Desde el momento en que creció el interés de los gobiernos por el software de código abierto, Microsoft ha ido ajustando su oferta hasta comprometerse a ayudar a los gobiernos a desarrollar infraestructuras sostenibles, fáciles de utilizar, innovadores y en las que se permitía el acceso al código fuente para la mejora de la seguridad y la implementación.

“Fue hace cuatro o cinco años cuando Microsodft empieza a mirar hacia la Open Source”, nos cuenta Luis Miguel García de la Oliva, director de estrategia de plataforma de Microsoft. “Queríamos ver”, conttinúa, “cómo nuestro modelo puede empezar a trabajar, a enriquecerse, mirando hacia la open source”.

En noviembre de 2006 Microsoft sorprendió al mercado firmando un acuerdo histórico con Novell, que se consideró la primera muestra de simpatía de la compañía de Redmond con el mundo de la ‘open source’.

Considerada como una de las compañías líderes de la plataforma Linux y del software de código abierto, Novell ofrecía, y ofrece, interoperabilidad en ecosistemas mixtos (aquellos que combina software libre y comercial). El acuerdo llevaba a Microsoft a recomendar oficialmente SUSE Linux Entreprise a los clientes que quisieran trabajar con las dos soluciones (Windows y Linux).
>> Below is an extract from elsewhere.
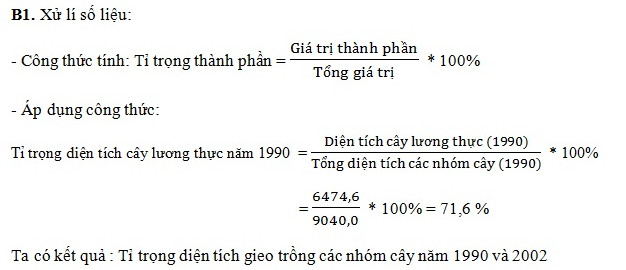 b)Từ bảng số liệu và biểu đồ đã vẽ, hãy nhận xét về sự thay đổi quy mô diện tích và tỉ trọng diện tích gieo trồng của các nhóm cây.

Además, Microsoft ofrecería mantenimiento y soporte para Suse Linux Enterprise Server, de forma que los clientes puedieran beneficiarse de manejar una versión de Linux interoperable y con cobertura de uso de las patentes de Microsoft.

A pesar de que, como señala de la Oliva “seguimos siendo una compañía que cree en la protección de la propiedad intelectual”, en febrero de 2008, y en medio de su intento de compra de Yahoo!, Microsoft anunciaba una serie de medidas que daban más abertura a sus productos, además de hacerlos más interoperables; es decir una medidas dirigidas a acercar a la compañía al mundo “open source”. Entre las medidas la compañía se comprometió a publicar de forma gratuita una “cantidad elevada” de programas y especificaciones técnicas de sus productos y hacerlos accesibles a otros protocolos bajo licencia “con pequeños royalties”. Microsoft hizo públicas más de 30.000 páginas de documentación sobre su sistema operativo Windows, presenta en más de 90% de los ordenadores y anunció que la medida se extendería a otros programas, entre ellos Office 2007.

La apuesta definitiva de Microsoft con el movimiento de código abierto llegó este año, en septiembre, cuando la compañía anunció la creación de CodePlex Foundation, una organización sin ánimo de lucro para el intercambio de código y conocimiento entre las compañías de software y las comunidades ‘open-source’, y sobre la que Sam Ramji, director de la fundación , se refirió como la “culminación del trabajo de Microsoft hacia una estategia de código abierto”.

Luis Miguel García de la Oliva explica que su compañía ha incrementado su participación en el movimiento de código abierto haciendo donaciones a la Apache Software Foundation o colaborando con la comunidad PHP a través del Open Source Technology Center de Microsoft, entre otras.

CodePlex Foundation quiere diferenciarse de otras fundaciones de código abierto centrándose en las contribuciones de derechos de autor además de en el código procedente de individuos que trabajen en compañías de software. Para Ramji la clave será asegurarse de que es fácil conceder derechos de uso de software por parte de una empresa a una comunidad.

A esta apuesta se le unen lo que ya son años de colaboración que han llevado a un cambio de percepción “con el que estamos encantados”, afirma Luis Miguel García de la Oliva. “Tras la primera sorpresa hay un diálogo que antes no existía. Estamos presentes en debates y proyectos de open source y estamos encantados con esta apertura”.